ASSIGNMENT
Please start at the first line of the records beneath and quote each line exactly, ending with the line containing "Глядя на состояние".

Source records
+++++
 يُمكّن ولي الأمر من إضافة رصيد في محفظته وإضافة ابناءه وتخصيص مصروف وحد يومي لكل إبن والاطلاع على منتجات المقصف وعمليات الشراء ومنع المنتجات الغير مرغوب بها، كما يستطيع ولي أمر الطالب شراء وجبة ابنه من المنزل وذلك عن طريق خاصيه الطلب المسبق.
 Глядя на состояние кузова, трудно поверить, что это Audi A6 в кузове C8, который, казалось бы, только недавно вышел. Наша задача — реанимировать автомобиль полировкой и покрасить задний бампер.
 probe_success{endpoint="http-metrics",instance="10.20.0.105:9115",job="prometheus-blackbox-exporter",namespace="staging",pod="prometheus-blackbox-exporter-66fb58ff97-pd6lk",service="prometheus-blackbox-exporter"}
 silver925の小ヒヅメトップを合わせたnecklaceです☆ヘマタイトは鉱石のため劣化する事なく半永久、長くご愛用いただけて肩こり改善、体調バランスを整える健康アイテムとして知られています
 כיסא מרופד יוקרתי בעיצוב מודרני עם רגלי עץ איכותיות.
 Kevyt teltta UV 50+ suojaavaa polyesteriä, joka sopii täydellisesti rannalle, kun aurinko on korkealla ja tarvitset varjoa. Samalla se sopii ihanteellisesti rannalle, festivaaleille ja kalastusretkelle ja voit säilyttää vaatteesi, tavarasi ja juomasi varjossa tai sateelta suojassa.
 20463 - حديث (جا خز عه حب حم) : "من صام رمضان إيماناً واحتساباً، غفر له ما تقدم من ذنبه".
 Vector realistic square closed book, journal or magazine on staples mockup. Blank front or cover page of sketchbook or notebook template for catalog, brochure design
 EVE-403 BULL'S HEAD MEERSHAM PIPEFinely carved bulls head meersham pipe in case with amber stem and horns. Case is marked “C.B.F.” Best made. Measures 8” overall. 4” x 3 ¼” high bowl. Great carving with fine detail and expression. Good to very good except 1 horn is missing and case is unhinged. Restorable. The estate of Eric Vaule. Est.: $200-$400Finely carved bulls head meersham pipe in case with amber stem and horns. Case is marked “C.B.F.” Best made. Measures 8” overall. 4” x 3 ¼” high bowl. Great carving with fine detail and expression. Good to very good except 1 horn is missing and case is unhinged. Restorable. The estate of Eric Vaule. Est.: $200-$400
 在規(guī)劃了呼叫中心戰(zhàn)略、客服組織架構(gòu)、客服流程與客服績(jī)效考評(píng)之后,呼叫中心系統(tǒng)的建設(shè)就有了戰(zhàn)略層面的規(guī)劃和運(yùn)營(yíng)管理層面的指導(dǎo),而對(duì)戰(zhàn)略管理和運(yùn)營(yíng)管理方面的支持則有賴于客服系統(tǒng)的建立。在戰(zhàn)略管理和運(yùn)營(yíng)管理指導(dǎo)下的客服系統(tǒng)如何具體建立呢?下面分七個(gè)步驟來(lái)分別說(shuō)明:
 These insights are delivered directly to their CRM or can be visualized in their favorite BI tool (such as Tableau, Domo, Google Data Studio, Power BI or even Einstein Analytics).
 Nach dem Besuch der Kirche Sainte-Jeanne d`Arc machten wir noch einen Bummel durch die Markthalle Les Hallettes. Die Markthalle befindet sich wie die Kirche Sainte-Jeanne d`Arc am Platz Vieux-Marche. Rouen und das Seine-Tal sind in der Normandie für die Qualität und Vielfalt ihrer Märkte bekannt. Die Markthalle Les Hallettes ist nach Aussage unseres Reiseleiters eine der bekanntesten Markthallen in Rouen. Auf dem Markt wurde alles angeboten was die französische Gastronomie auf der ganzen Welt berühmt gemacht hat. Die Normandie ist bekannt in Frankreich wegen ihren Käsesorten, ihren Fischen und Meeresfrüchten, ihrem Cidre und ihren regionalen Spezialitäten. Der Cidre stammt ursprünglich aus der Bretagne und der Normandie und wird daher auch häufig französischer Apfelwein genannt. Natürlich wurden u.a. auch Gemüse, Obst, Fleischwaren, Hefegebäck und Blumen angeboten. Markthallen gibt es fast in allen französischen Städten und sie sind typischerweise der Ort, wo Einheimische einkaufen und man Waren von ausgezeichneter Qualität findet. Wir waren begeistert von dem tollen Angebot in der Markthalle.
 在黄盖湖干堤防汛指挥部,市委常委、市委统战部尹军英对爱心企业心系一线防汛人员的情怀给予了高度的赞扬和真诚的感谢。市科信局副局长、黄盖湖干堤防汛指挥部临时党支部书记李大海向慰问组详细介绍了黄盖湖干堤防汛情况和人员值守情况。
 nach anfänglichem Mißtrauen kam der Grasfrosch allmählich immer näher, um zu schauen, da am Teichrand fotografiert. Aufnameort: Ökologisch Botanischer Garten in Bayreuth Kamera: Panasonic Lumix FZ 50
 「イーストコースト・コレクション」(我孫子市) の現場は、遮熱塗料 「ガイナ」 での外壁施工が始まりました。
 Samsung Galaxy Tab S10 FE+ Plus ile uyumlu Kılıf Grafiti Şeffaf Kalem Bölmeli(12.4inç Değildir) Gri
+++++
RESPONSE AREA
 يُمكّن ولي الأمر من إضافة رصيد في محفظته وإضافة ابناءه وتخصيص مصروف وحد يومي لكل إبن والاطلاع على منتجات المقصف وعمليات الشراء ومنع المنتجات الغير مرغوب بها، كما يستطيع ولي أمر الطالب شراء وجبة ابنه من المنزل وذلك عن طريق خاصيه الطلب المسبق.
 Глядя на состояние кузова, трудно поверить, что это Audi A6 в кузове C8, который, казалось бы, только недавно вышел. Наша задача — реанимировать автомобиль полировкой и покрасить задний бампер.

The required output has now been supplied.